I'm in a similar situation as bobbleballbags. I went through a difficult time in my life and any remaining friends I had, I distanced myself from. I do miss them now, but it was the right thing to do at the time. They weren't putting much effort into the friendship either so I didn't push them away, I just stopped contacting them first and since they never contacted me that was that.
I've made peace with it by accepting people will come into my life or they won't and also most people don't stay in your life forever anyway.
I don't seem to have a lot in common with most people and I'm not willing to spend most of my free time doing things that make me feel awful and drained, just to keep a friendship going. It doesn't feel worth it. So I only do activities that I actually want to do these days. I used to put so much effort into people who it turned out were ultimately not bothered about the friendship fading away that I CBA to do that any more.
I don't really want deep friendships either. I find a lot of what is dressed up as true deep friendship to be toxic, people only leaning on you when they want to complain about their lives, but never having much time for you when things are going well and never checking in if they don't hear from you in a long time, to see if you're ok. I seem to attract people like that unfortunately. Or maybe most people are like that, IDK.

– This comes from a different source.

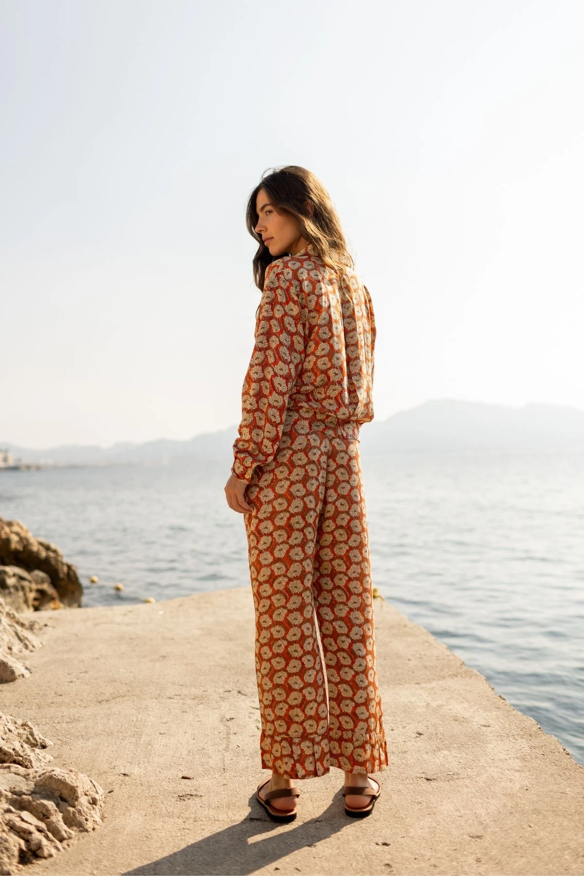 Craquez pour le pantalon PADMA en satin de viscose, confortable et léger. Sa coupe droite s’évase légèrement au bas grâce à un volant, apportant fluidité et mouvement. La taille se ferme par ceinture avec braguette et bouton, tandis que les poches italiennes à l’avant allient style et praticité au quotidien.

I just want to chat and have fun. If I confide anything negative to someone, which is rare, it's like a one minute moan then I'll stop going on about it. So I don't really want people confiding all kinds of problems to me, it makes me sad and the friendship one-sided.

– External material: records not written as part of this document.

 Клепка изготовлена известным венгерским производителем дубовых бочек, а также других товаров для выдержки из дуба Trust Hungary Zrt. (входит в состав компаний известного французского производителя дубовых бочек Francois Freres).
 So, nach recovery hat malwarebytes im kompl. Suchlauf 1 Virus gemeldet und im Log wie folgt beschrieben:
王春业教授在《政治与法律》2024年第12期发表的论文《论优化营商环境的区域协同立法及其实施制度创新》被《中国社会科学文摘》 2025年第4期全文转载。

I've got one friend who lives on my street, my DP, I chat to a few of his friends if they're around (some of them I don't like at all, so stop at hello!). I occasionally chat with some family members too, but it's not often or for long. That's down to circumstances. The ones I'd like to meet for coffee live too far away so I barely ever see them. Some are difficult people I can't spend too much time with without feeling like I'm going mad and the rest aren't interested in being in touch other than at big family events. Luckily I'm happy in my own company! I'd be very lonely otherwise.
Society has changed. Most people's main lives seem to be online now and real life friends is something many don't have time for. I mean, they have the time, but they'd rather spend it online than meeting up IRL. I'm wondering if, in 20-40 years time, society as we know it will have disintegrated completely.